- There's a scene in Dial M for Murder in which Ray Milland reflects on the perfect crime, worrying that he'd "make some stupid mistake and never realize it until I found everybody was looking at me." The characters in Blood Simple make an astounding number of such mistakes, and none of them seem terribly worried at all. In this world, there are no criminal masterminds, no seasoned professionals, and no unstoppable heroes. Just the kind of people you might encounter in rural Texas, where everybody gravitates to the local watering hole and nobody seems to be in any particular hurry. And as the narrator carefully notes, down in Texas "you're on your own."
- The narrator in this case is an amusingly sardonic unnamed private eye (M. Emmet Walsh), who only takes jobs "if the pay's right and it's legal." Of course, when a sleazy bar owner named Marty (Dan Hedaya) wants to hire him for something "not strictly legal," the detective is all-too-willing to relax the second condition of his employment. The job involves taking care of Marty's guileless wife, Abby (Frances McDormand), who ran off with the laconic bartender, Ray (John Getz). Marty's first attempt at revenge reached a humorously literal dead end, so the new plan is for the detective to knock off the couple while Marty is out of town. Instead, the detective decides to spring a bizarre double-cross that involves doctored photos and one fewer murder. Normally that would be the end of the story, but Marty's surprising resilience and the self-implicating tendencies of the detective and Ray weave a tale that is far more tangled than most.

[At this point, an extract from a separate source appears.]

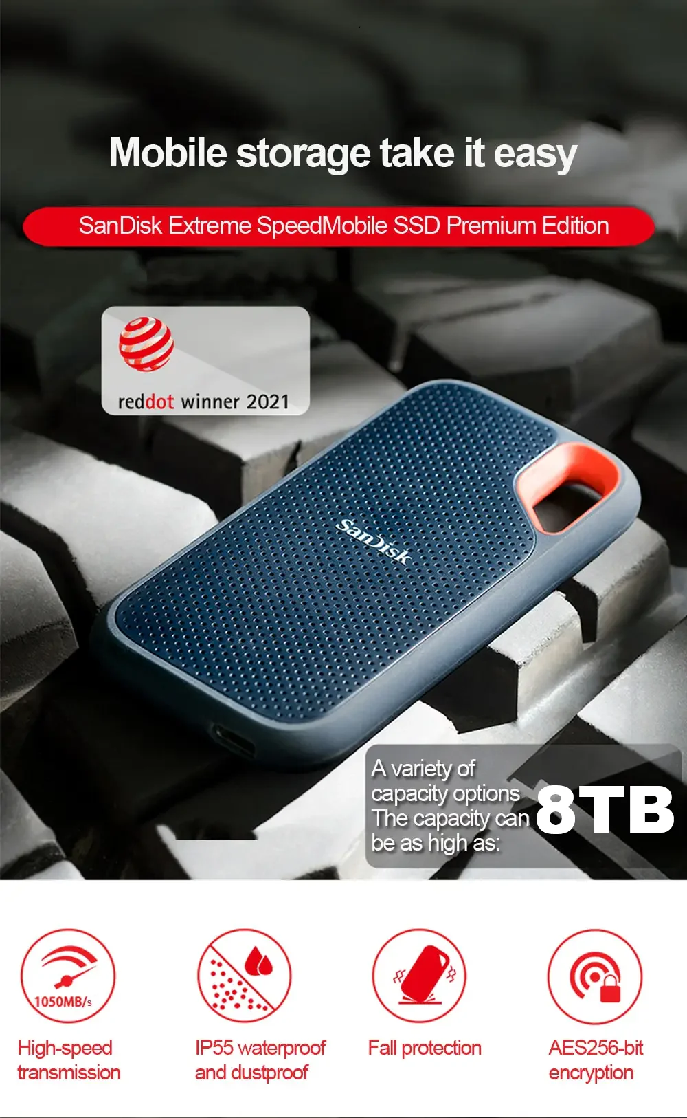 Designed for the rugged life with up to 3-meter drop protection and IP65-rated water and dust resistance. Perfect for adventurers, photographers, and on-the-go editors. - Password Protection + Encryption

- On the surface, Blood Simple sounds like a standard pot-boiler, but it is considerably more interesting than that. While taking some basic cues from film noir, it modifies the standard motifs to establish a strange, alternate universe in which corpulent detectives successfully tiptoe around in cowboy boots and femmes fatale are completely innocent. Careless men botch the simplest jobs, leaving embarrassing clues at every turn, but their fates are ultimately independent of guilt or innocence. In my favorite scene, a tremendous sense of cosmic import is conveyed as a car approaches from the distance, only to reveal a yokel driving by. Similarly, the film's plot slowly evolves into an immense joke of precisely the sort that the narrator might appreciate. The end result is a film that is very enjoyable and plenty bloody, but hardly simple.
- This was the Coen brothers' debut, as well as the first role for Frances McDormand.
- Apparently, the title is derived from a line in Dashiell Hammett's Red Harvest.